Nice tool and demonstration of how to use it. Sysmon is indeed excellent, and I strongly recommend organisations to implement endpoint monitoring using sysmon and the Swift on Security ruleset as soon as possible. The number of events is reasonably low per device (single digit MB per day in many cases), and there are good patterns for collecting those events easily.
However, OSX clients sometimes get left out of this tooling. It's nice to see that OSX is catching up, and if you have a set of your staff using Mac's, the AppMon tool referenced further down merits investigating.

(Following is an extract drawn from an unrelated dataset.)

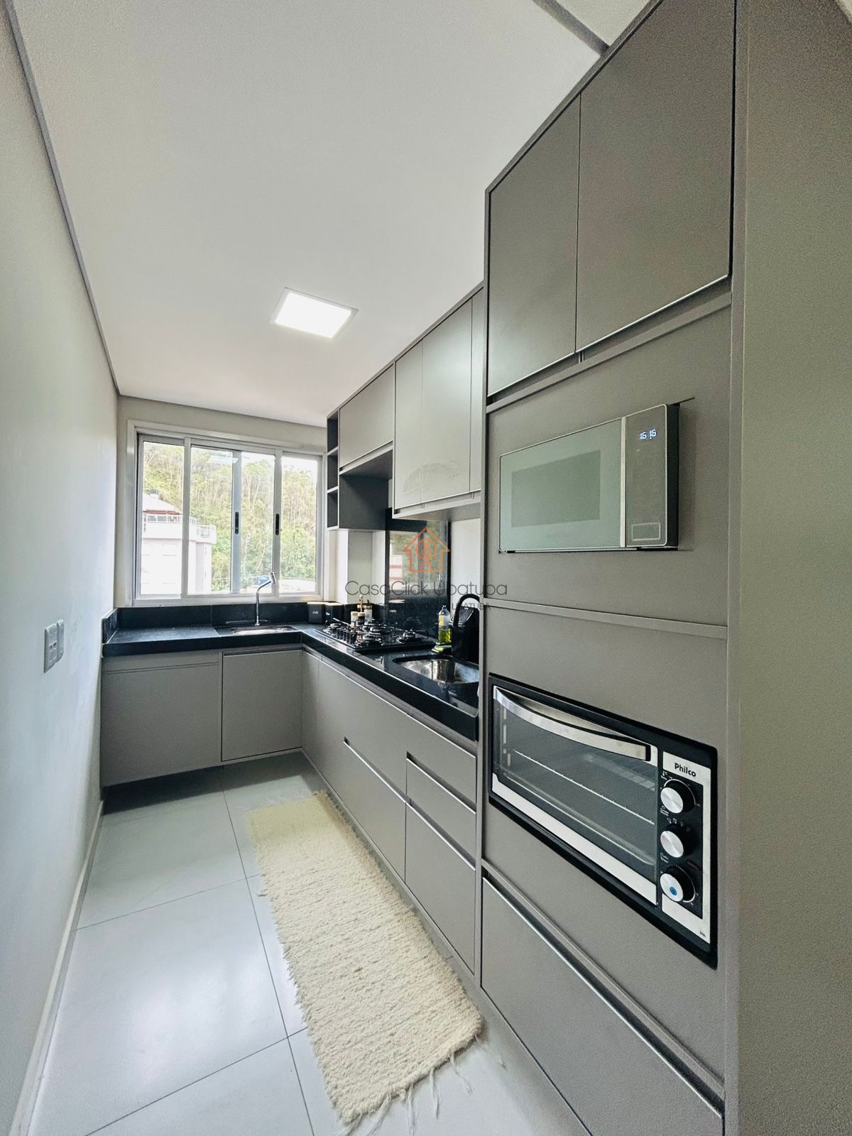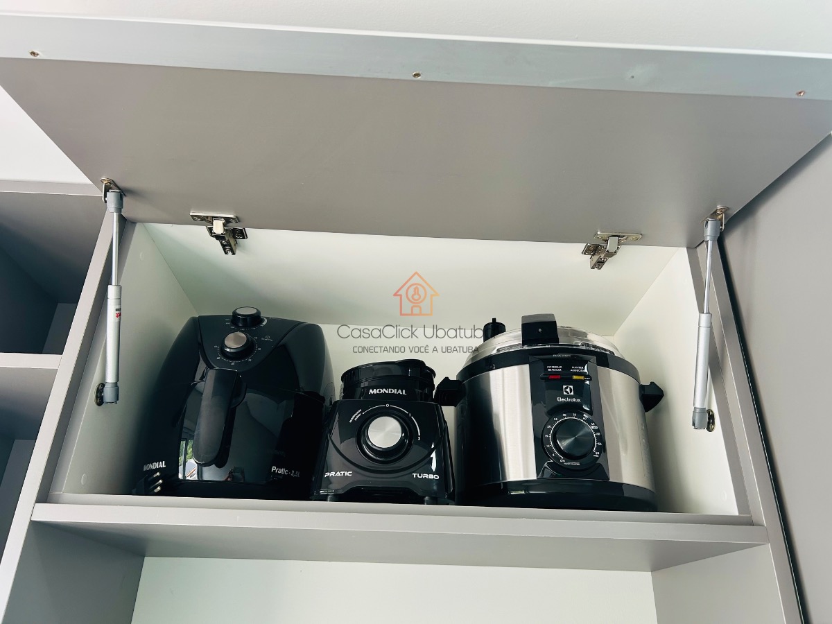 A cobertura é mobiliada e possui armário de cozinha, facilitando o dia a dia.

So, thankfully the crisis was averted. Phew! Despite being totally stressful to deal with, when we reflected on the incident afterwards, there were a lot of positives we could take from it. We had learned so much about what we did and didn’t know and as a result were able to identify areas for improvement. It also demonstrated that we had been able to pull together and work really effectively as one team. We felt proud of how we responded. These are some of the things we learnt and some of the changes we suggested:
- We now back-up the database much more frequently.
- Confusing Heroku database names had made the mistake too easy to make so we changed them to be super clear, STAGING and PRODUCTION.
Yes, I know. You run thousands of databases, with thousands of different projects, so you really want to call projects things like a719-s213 so it lines up with the cost center codes that finance hand out.
The main reason to use sensible names for things is that it reduces the chances of things like this from happening. I recommend that all names begin with the environment, so prod-X, or test-X, or devmbs-X.
Secondly, access to production should always be really clear to users. If you are doing a release/database change/logging on, whatever, you should have big visual warnings that you are doing it to production if possible.
It's also nice to see admissions of mistakes, how it was resolved, and a great "no-blame" culture here. Note that no-blame doesn't mean not naming the people involved, it means acknowledging that this was a mistake that anyone could have done, and learning from that to ensure that it doesn't happen in the future.